Task instructions: Write out every line exactly, from the start of the records below to the line with "According to a", and stop there. Don't write out the pictures.

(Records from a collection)
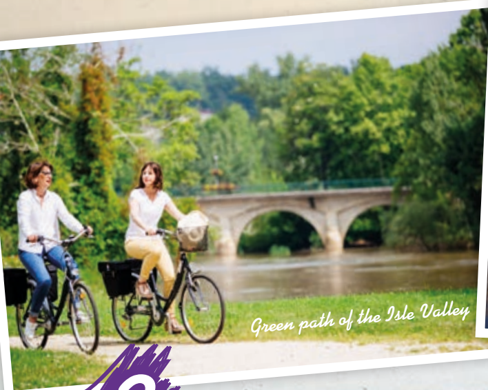
Green path of the Isle Valley
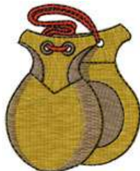
AEMU 0112 / 6300 Sts

1: 1 Gold 2: 2 Black 3: 3 White 4: 1 Gold
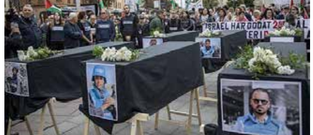
The people of Sweden join their voices with other nations
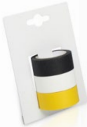
Sample single-material 3-pack
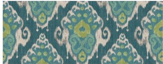
Patan SP2 Chameleon (showing width: 68.5cm)
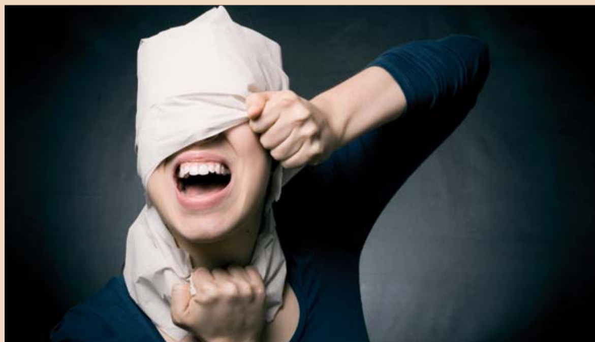
According to a study, more attention should be given to the oral health status of mentally disabled.

The alarming figures were released on the same day that new findings from Germany revealed that almost 40 per cent of Europeans suffer from some kind of mental health problem. According to the study, treating disorders like anxiety, insomnia or depression costs the Union an estimated US$594 billion a year, including costs for dental treatment.
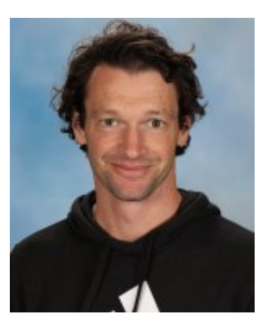
YOXFORD 8C1, 8C2, 8C3 8C4, 8G3
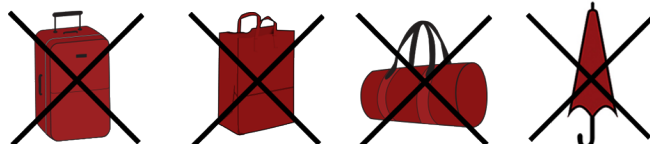
LUGGAGE REUSABLE GROCERY BAG DUFFLE BAG UMBRELLAS
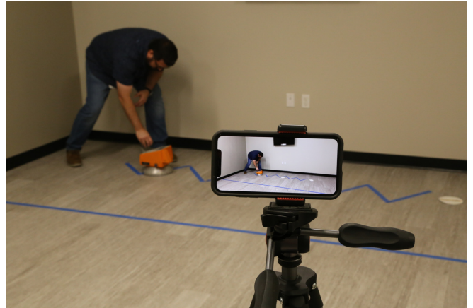
Tex-207-F, Part 5
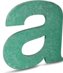
Verde Green Patina
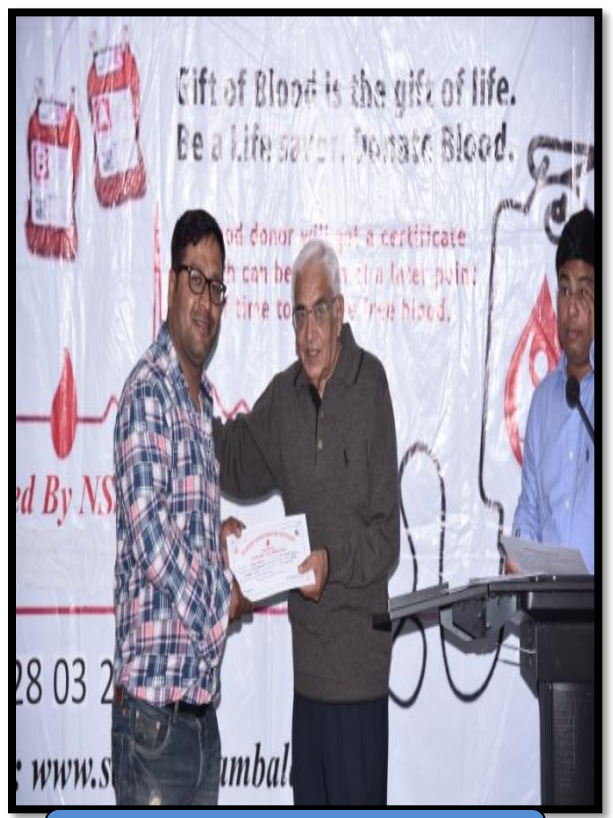
THANKS GIVING TO DONORS
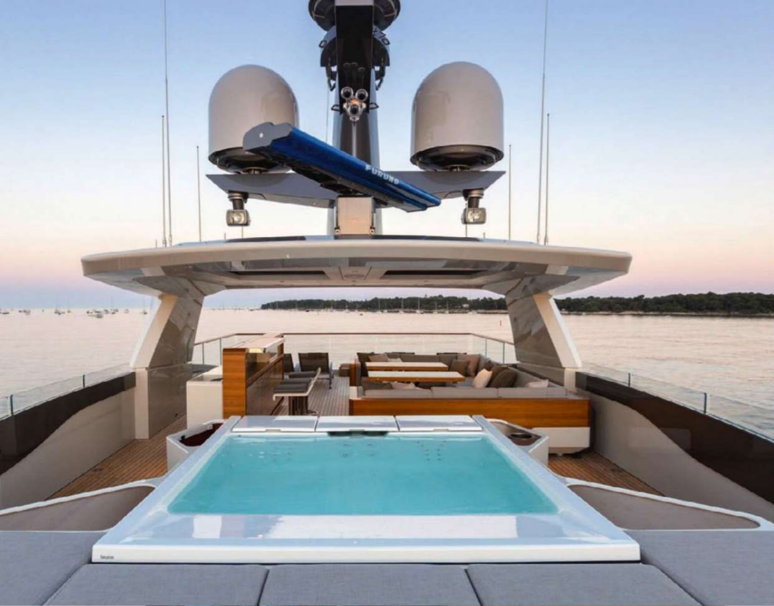
The sundeck is the perfect place for cocktails, says the owner. The spa pool, set forward, is equally refreshing
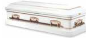
White Rose 58-59
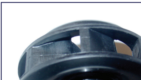
Our premium impeller is made from glass reinforced PPS
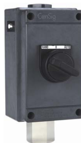
8040/124-N273 3 Position Selector Switch Hand-Off-Auto 3/4"
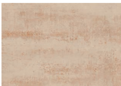
FOSTER MARRON 31,6x45
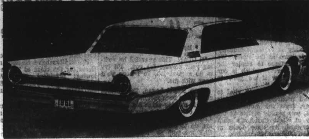
The 1961 Ford Galaxie Club Victoria, a new model in the Ford line that will be introduced to the public Thursday, features crisp, new styling that has been honored by an international fashion authority in Rome for its "functional expression of classic beauty."
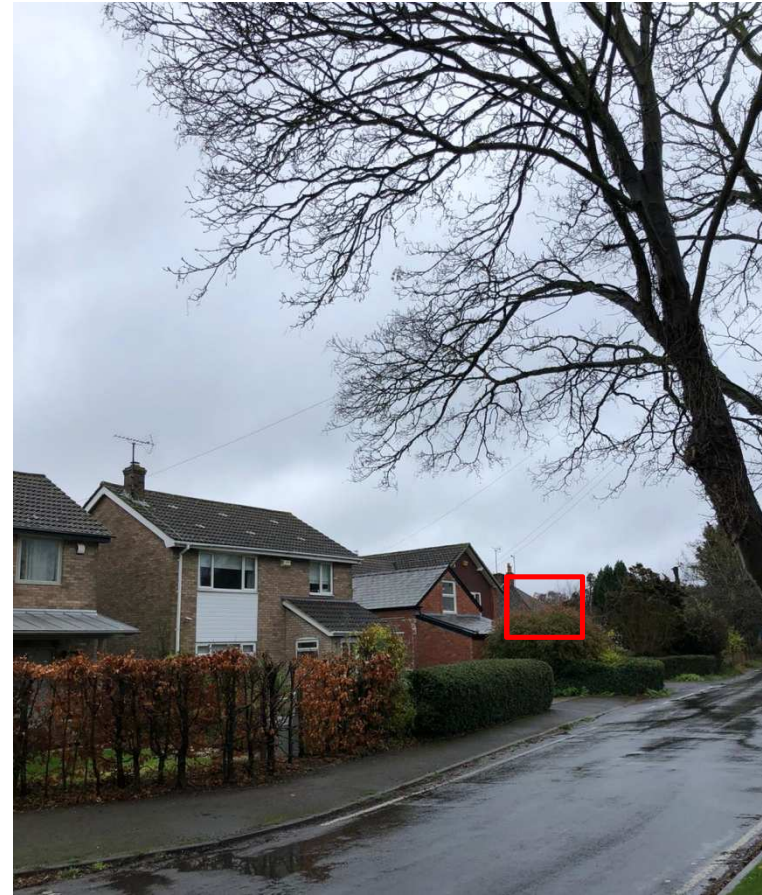
STREET SCENE FACING EAST
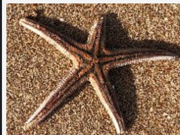
(left) Luidia maculata (right) Astropecten monacanthus
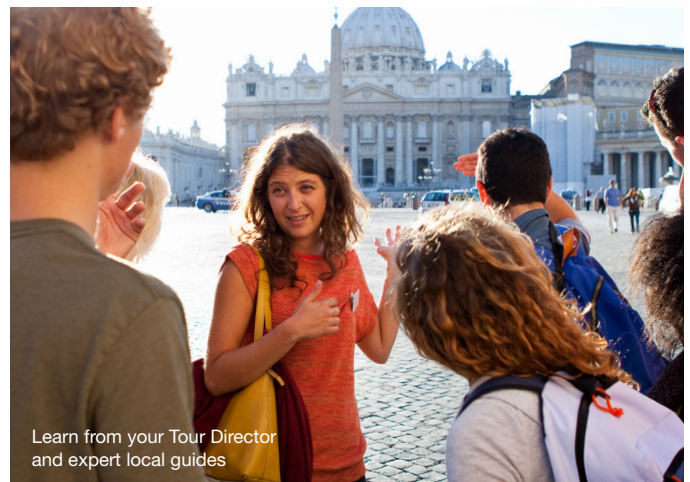
Learn from your Tour Director and expert local guides
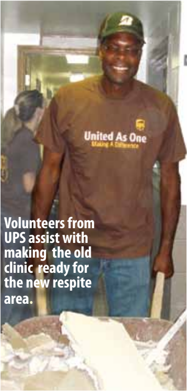
Volunteers from UPS assist with making the old clinic ready for the new respite area.
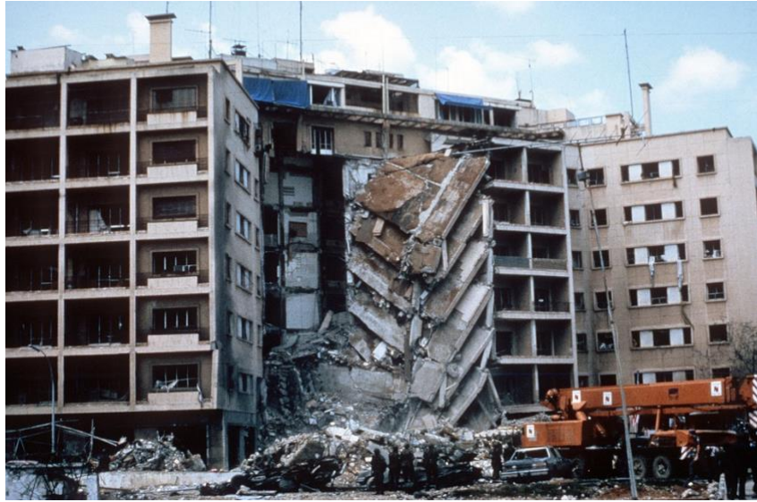
Aftermath of Hezbollah’s Bombing of the U.S. Embassy in Beirut on April 18, 1983

Four decades later, Amir-Abdollahian, who is a card-carrying senior member of the same IRGC—which incubated and directed Hezbollah’s terrorism in the 1980s—is being inexplicably welcomed into the United States. He is also irrefutably complicit in the October 7, 2023 massacre that took place in southern Israel. Following the atrocity, which left approximately 1,200 slaughtered, including American citizens, Amir-Abdollahian flew to Qatar to meet with the primary instigator of the October 7 atrocity, Hamas leader Ismail Haniyeh, and to offer his congratulations and support. The Wall Street Journal has reported that Amir-Abdollahian personally participated in planning meetings for the October 7 attack. The same publication subsequently revealed that the IRGC provided training to 500 Hamas terrorists in Iran in the months before October 7. 56 Amir-Abdollahian has also repeatedly met with the Secretary-General of Hezbollah Hassan Nasrallah, the same organization which bombed the U.S. Embassy in Beirut 41 years ago.
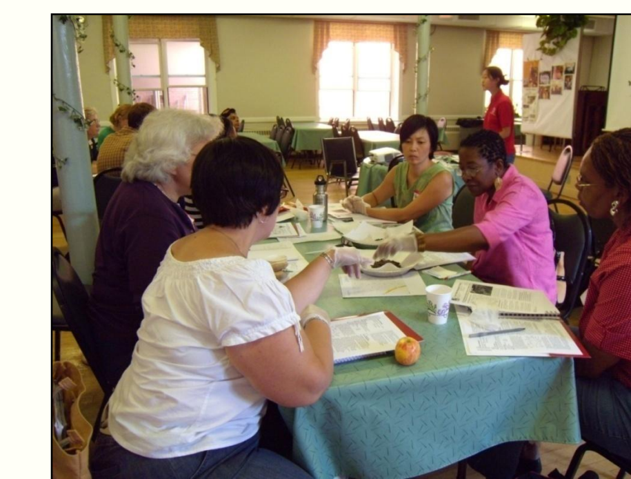
Figure 6: Urban gardeners and teachers learn about soil and strategies for mitigating exposure to contaminants.
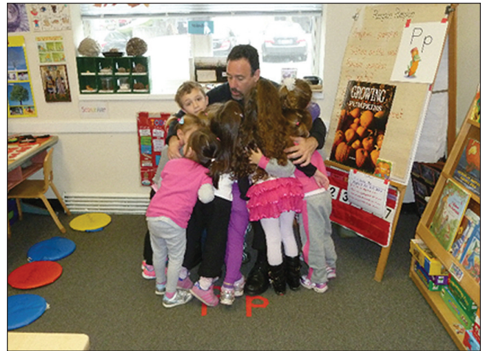
Preschool group hug at the end of a Pastoral visit on Wednesday mornings.
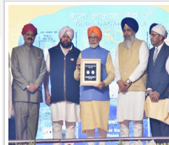
CAPT AMARINDER SINGH HOPES CORRIDOR WOULD LEAD TO PEACEFUL ENVIRONMENT BETWEEN BOTH COUNTRIES LEADING TO EASY ACCESS TO OTHER GURDWARAS
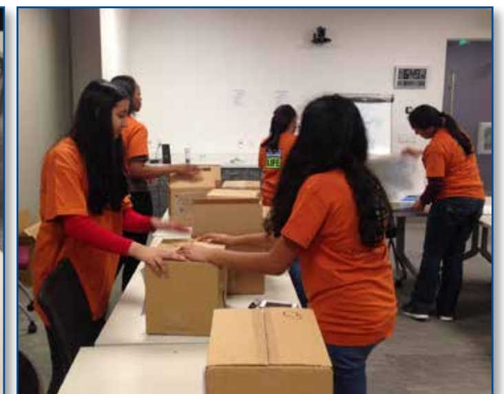
Dougherty High School Pink Dot Club hosts a packing party to send Donate Life materials to DMVs
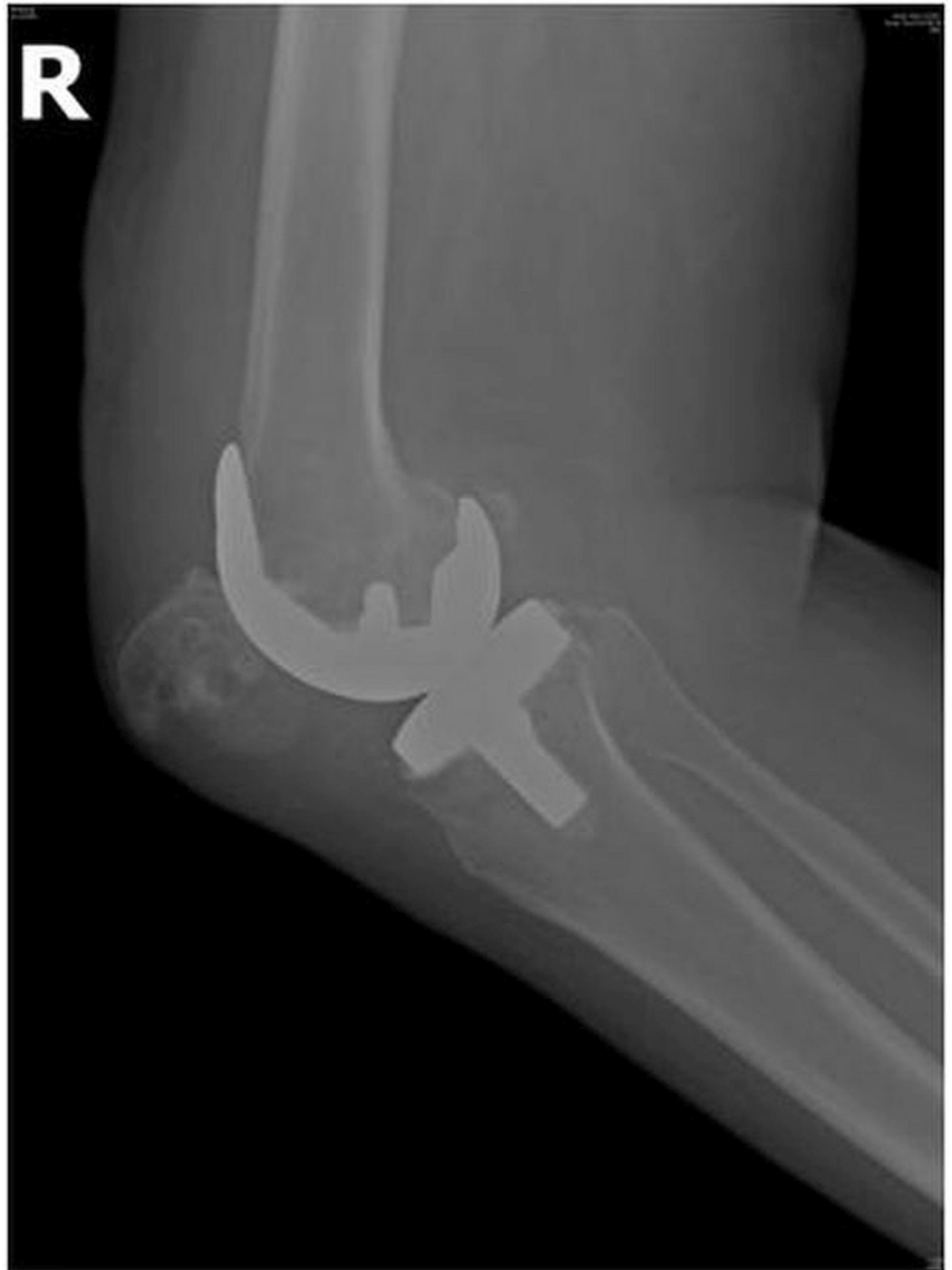
FIGURE 2: Lateral radiograph of a patient showing lateral patellar dislocation on the right side after TKA.

Solution:
Green path of the Isle Valley
AEMU 0112 / 6300 Sts

1: 1 Gold 2: 2 Black 3: 3 White 4: 1 Gold
The people of Sweden join their voices with other nations
Sample single-material 3-pack
Patan SP2 Chameleon (showing width: 68.5cm)
According to a study, more attention should be given to the oral health status of mentally disabled.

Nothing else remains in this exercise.